Kemukus tidak bisa tidur lagi, bertanya-tanya, apa yang terjadi pada dirinya. Apakah yang dialaminya itu nyata, atau hanya perasaannya saja, atau itu hanya mimpi. Mimpi? Rasanya bukan, dia sudah terbangun walau saat itu belum terjaga sepenuhnya. Saat itu sampai pagi dia tidak bisa memejamkan mata lagi untuk tidur.
"Bagaimana tidurnya, nyenyak Nak Kemukus?" tanya calon ibu mertuanya.
"Ya Bu, sangat nyenyak," jawabnya. Tapi apakah calon ibu mertuanya itu percaya, karena matanya tampak merah dan kusut karena kurang tidur. Dia segera memalingkan muka agar matanya tidak terdeteksi kalau tampang orang ngantuk.
Kemukus hendak minta pamit, tapi dicegah agar makan pagi dulu. Lintang dengan manja memintanya agar sarapan dulu. "Makan pagi dulu, Kangmas, nanti kelaparan di jalan." Kemukus makan pagi bersama Lintang dan kedua calon mertuanya. Lintang anak tunggal. Anak orang kaya. Raden Mas Sundoro juragan sapi dan pemasok daging sapi terbesar di kota gudeg.
Setelah selesai sarapan dan tinggal berdua di meja makan, Kemukus berbisik, "Apa nggak jadi omongan tetangga kenginapan saya di rumah ini ini?"
"Semua sudah tahu kalau kita calon suami istri," jawab Lintang dengan manja. Calon istrinya sangat cantik walau tapa poles lipstik. Memamg pernikahan mereka tinggal menghitung hari. Tanpa mandi dulu, Kemukus pamit kembali ke Hotel Ambarukmo, tempat dia menginap selama di Yogya. Ya, dia sedang meniti karir di perusahaan minyak nasional.

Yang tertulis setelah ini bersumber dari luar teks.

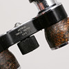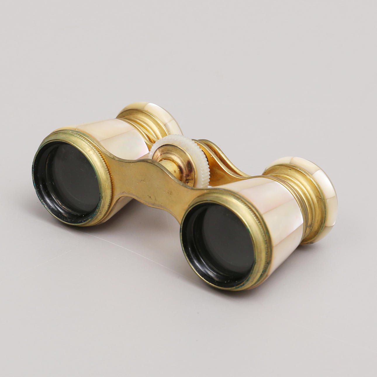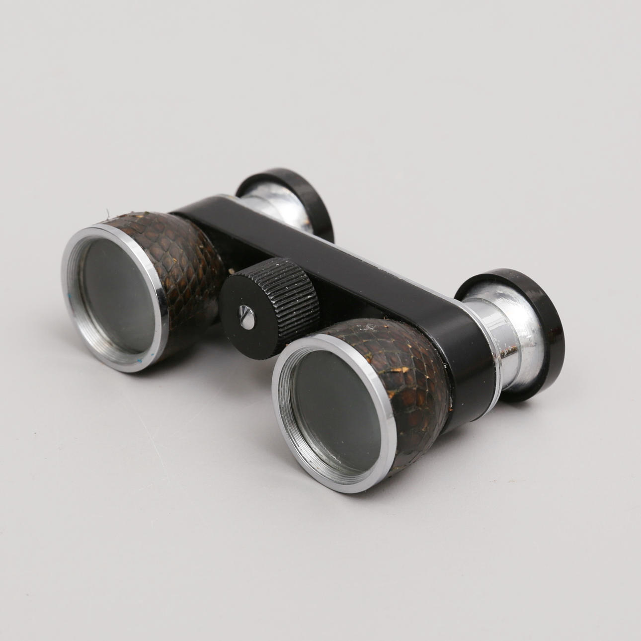 Perlemor-kikkert, bredde 9,5 cm, højde 5 cm. I rød sag. Sort kikkert Astron bredde 9 cm, højde 5 cm.
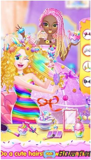 2.利用手中的卷发棒,帮助玩家的公主得到更为丰富多彩的发型。
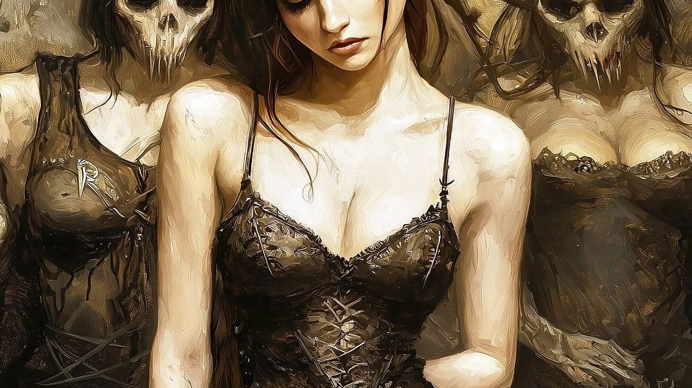 In een guur post-apocalyptisch landschap staat een dappere vrouw onverschrokken tegenover een horde zombies. De scène is gevuld met horror, angst en wanhoop terwijl de gruwelijke wezens met bloeddorstige woede op haar afkomen. Ondanks de overweldigende dreiging en de griezelige sfeer van bloed en horror straalt de vrouw hoop uit, een teken van verzet en de wil om te overleven te midden van de chaos.

Dia alumni Fakultas Filsafat UGM. Lho kok bisa berkarir di Pertamina? Itu berkah dirinya yang saat kuliah jadi aktivis kampus. Dia dulu sering mengadakan seminar dan memanggil menteri-menteri sebagai nara sumber. Dia agak telat lulus karena banyak terlibat aksi mahasiswa, turun ke jalan untuk demontrasi menentang kebijakan pemerintah yang tidak pro rakyat kecil. Kelebihan jadi aktivis kampus, meski IPK rendah tapi dikenal banyak pejabat. Nah, itulah yang menyelamatkannya setelah lulus kuliah. Setelah mengundang seminar seorang menteri, dia sangat akrab dengan si pejabat. Begitu lulus dia menelepon si menteri kalau dirinya ada di ibu kota untuk cari kerja.

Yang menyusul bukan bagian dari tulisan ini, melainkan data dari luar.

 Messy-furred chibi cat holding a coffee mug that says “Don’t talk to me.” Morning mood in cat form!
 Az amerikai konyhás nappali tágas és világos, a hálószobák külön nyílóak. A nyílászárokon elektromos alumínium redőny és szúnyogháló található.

"Kamu ke sini!" pinta si menteri. Tanpa pikir panjang Kemukus langsung datang padanya. Bukan ke kantor, tetapi di rumah dinas sang menteri. "Mengapa kamu baru mengabari kelulusanmu sekarang, tidak dari kemarin-kemarin?'"

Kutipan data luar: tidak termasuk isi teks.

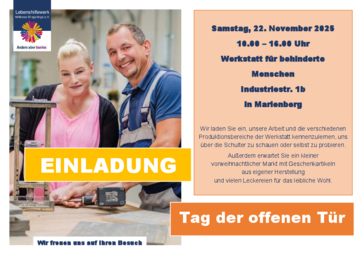 Wir laden Sie ein, unsere Arbeit und die verschiedenen Produktionsbereiche der Werkstatt kennenzulernen, uns über die Schulter zu schauen oder selbst zu probieren. Außerdem erwartet Sie ein kleiner vorweihnachtlicher Markt mit Geschenkartikeln aus eigener Herstellung und vielen Leckereien für das leibliche Wohl.
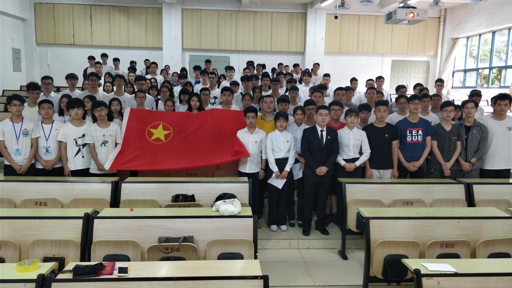 2018年4月23日,为弘扬五四精神,践行青春誓言。电信学院在教学楼D107开展电信学院重温入团誓词仪式活动。出席人员有团总支书记杨日奎、团总支成员、各专业团支部副书记、各班级团支部书记、各专业团员代表20名,由团总支副书记翁宇芳主持。
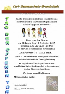 Sind Sie Eltern eines zukünftigen Schulkindes und möchten sich über den Unterricht speziell in der Schulanfangsphase informieren? Dann besuchen Sie uns am Dienstag, dem 15.09.2015 zwischen 9:00 Uhr und 11:35 Uhr in der Carl-Sonnenschein-Grundschule Am Hellespont 4-6 12109 Berlin Um 9:00 Uhr werden Herr Brode, unser Schulleiter und eine Erzieherin der Ganztagsbetreuung Sie begrüßen und … Tag der offenen Tür weiterlesen
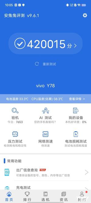 性能上 vivo Y78 搭载 6nm 制程工艺天玑 7020 芯片,对比上代功耗更低性能更强,综合性能较上代提升 14%,安兔兔跑分也有超 42 万分的成绩,日常使用稳定且流畅。最高 12GB+256GB 大内存,搭配内存融合 3.0 技术,将 ROM 空间转化为 RAM 使用,视频、照片存储无压力,应用多开丝滑顺畅。
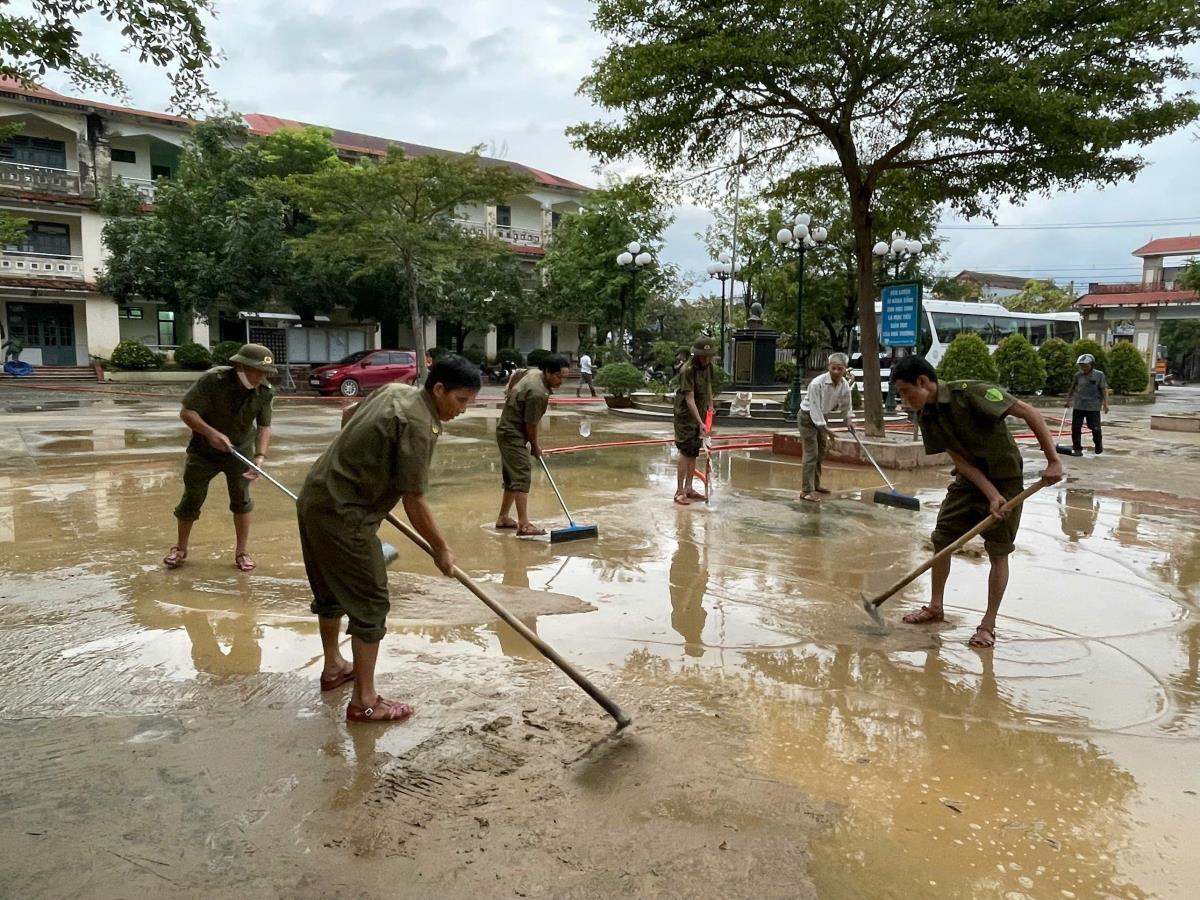 Không chỉ trong mưa lũ, ngay khi mưa ngớt, nước rút, lực lượng Công an và lực lượng bảo vệ ANTT cơ sở lại bắt tay ngay vào giai đoạn khắc phục hậu quả. Từ sáng sớm, họ cùng dân dọn dẹp bùn đất, khơi thông cống rãnh, thu dọn vật dụng bị cuốn trôi, vệ sinh trường học, trạm y tế, nhà văn hóa.Tại nhiều địa bàn, các tổ ANCS còn chủ động phối hợp cùng đoàn thanh niên, phụ nữ tổ chức phát cơm, nước uống, thuốc men, hỗ trợ sửa lại mái nhà cho những hộ dân yếu thế. Mỗi người một việc, mỗi ngôi nhà là một “điểm tựa an toàn” đúng như tinh thần chỉ đạo của lãnh đạo Bộ Công an: “Cứu dân, bảo vệ tính mạng người dân là trên hết, trước hết”.
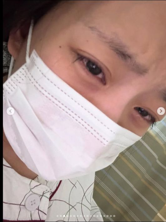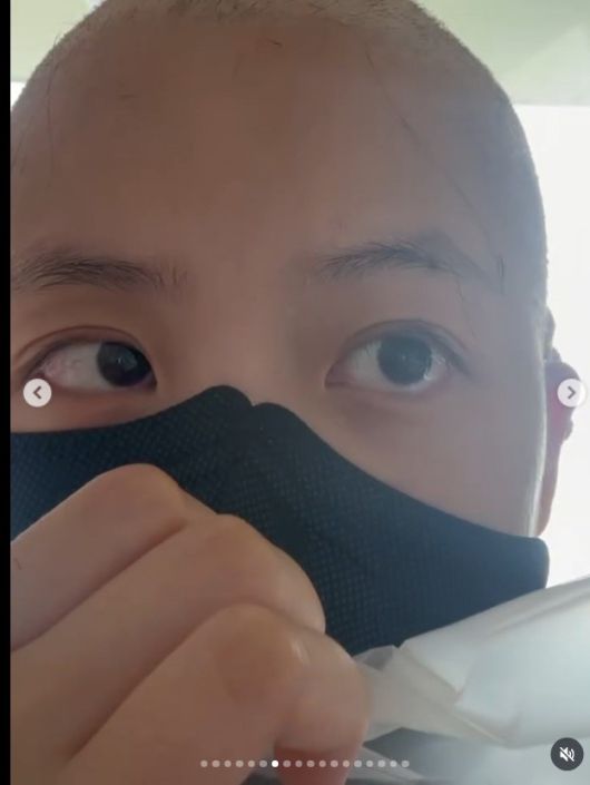 공개된 사진 속 류지원은 병원 환자복을 입고 마스크를 착용한 채 삭발한 모습으로 카메라를 응시하고 있다.

"Baru seminggu saya diwisuda, Pak. Hampir jadi mahasiawa abadi," jawab Kemukus. Si menteri tertawa. Pembicaraan menjadi meriah karena Kemukus pandai bicara. Diajak ngomong ngalor ngidul, baik masalah politik, pendidikan, bahkan rembugan tentang tuyul akan nyambung, refensi di otaknya sangat banyak karena dia memang kutu buku. Semua buku dilalapnya sejak kecil. malahan, sebelum dewasa, dia sudah menyelinap masuk ke kamar orangtuanya dan diam-diam membaca novel-novel dewasa yang membuatnya gemetaran dan tidak bisa tidur karena memendam rasa ngilu dan anu di bagian bawah perutnya.